Les 90 000 m2 disponibles représentent l’opportunité de construire un nouveau quartier en plein cœur de la capitale tchèque. Aussi constituent-ils une réserve foncière attrayante pour les développeurs privés. Annoncée comme l’aboutissement d’un débat initié il y a plus de dix ans, la décision est connue depuis mai dernier. Selon la société Penta, principal investisseur, le futur Central Business District permettra de redynamiser une zone tombée à l’abandon et de créer de nouvelles liaisons urbaines.Pour confirmer son rayonnement au-delà des frontières, il est nécessaire que Prague poursuive l’intégration de l’architecture contemporaine dans son paysage, comme la ville l’a fait avec la « Maison dansante » (Tančící dům) de Frank Gehry et Vlado Milunić (1996) ou encore de l’Ange d’or (Zlatý Anděl) de Jean Nouvel (2001). Néanmoins, les friches urbaines requièrent davantage qu’une réalisation architecturale. Elles nécessitent une réflexion sur le tissu urbain, les relations entre les différents espaces de la ville et les usages de ses habitants. Elles appellent en outre la participation de développeurs soucieux de faire aboutir des réalisations durables et véritables moteurs de dynamisme social et économique. Directeur de l’Institut d’histoire de l’art de l’Université Charles de Prague et vice-président du Club du Vieux-Prague (Klub za starou Prahu), le professeur Richard Biegel rappelle qu’il est essentiel de concevoir un véritable projet urbain en amont :
« L’intervention d’un architecte n’est pas suffisante. Avant cela, il est indispensable de réaliser une analyse fine des relations urbaines du site, puis d’élaborer un plan de développement et finalement remplir par un projet architectural. »La rénovation du hall d’accueil de la gare a été finalisée en décembre 2011. En parallèle, les propositions émergeant d’une première consultation ont été présentées. Des personnalités de renommée internationale y ont participé, notamment l’architecte français Jean Nouvel et l’artiste tchèque David Černý. L’implication de ces grands noms a facilité la communication autour du projet. Les propositions, qui ont fait l’objet d’une exposition en 2011 à la faculté d’architecture de l’Université technique tchèque, ont suscité un débat public à Prague. Invités à partager leur avis, les visiteurs de l’exposition ont voté en majeure partie pour l’établissement d’un parc et de promenades. Ce désir d’établir un nouveau poumon constitue une invitation pour la ville à reconsidérer la densification de son tissu urbain.
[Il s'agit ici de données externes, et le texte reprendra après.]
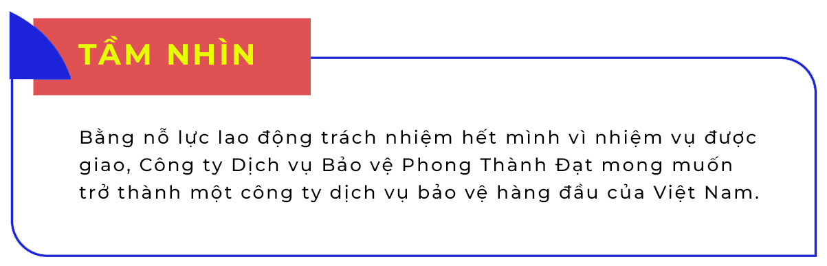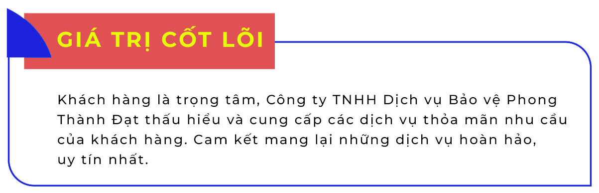 Với những giá trị căn bản đã đạt được cùng với sự đồng hành, hợp tác chặt chẽ của các quý khách hàng, Phong Thành Đạt luôn tin tưởng sẽ thực hiện thành công sứ mệnh của mình, trở thành công ty hàng đầu chuyên cung cấp dịch vụ bảo vệ và vệ sĩ chuyên nghiệp.
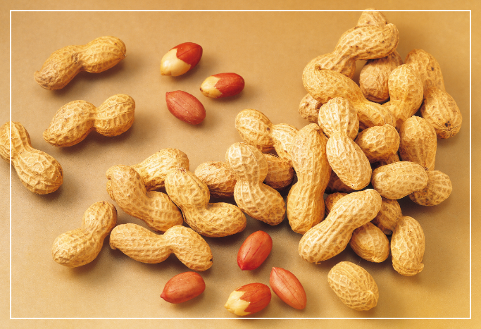 땅콩에는 피로를 회복하고 기력을 보충해주는 비타민B, 비타민B2, 단백질이 풍부하게 함유되어 있어요. 땅콩의 비타민E 함량은 견과류 중에서도 아보카도의 3배나 되기 때문에 회춘 비타민으로 불린답니다.

Pourtant, aucun projet n’avait été retenu ni mis en œuvre à ce moment. La réflexion s’est ensuite poursuivie dans le contexte de l’établissement du plan métropolitain (metropolitní plán) conduit par la Ville de Prague depuis 2012. Actuellement dans sa phase préparatoire, ce plan constituera, à terme, le cadre légal de développement territorial de la capitale tchèque.
Pour éviter un développement sauvage à Prague, dévoreur du moindre espace libre, il est nécessaire de mettre en place de solides outils de régulation et de planification et d’inclure les habitants dans la réflexion. Ces dernières années, les experts ont relevé une mobilisation croissante des Praguois sur les questions d’urbanisme et de préservation du patrimoine. La responsabilité de la ville est ainsi invoquée à double titre : gagner de l’autorité en matière de développement urbain tout en facilitant une meilleure participation citoyenne.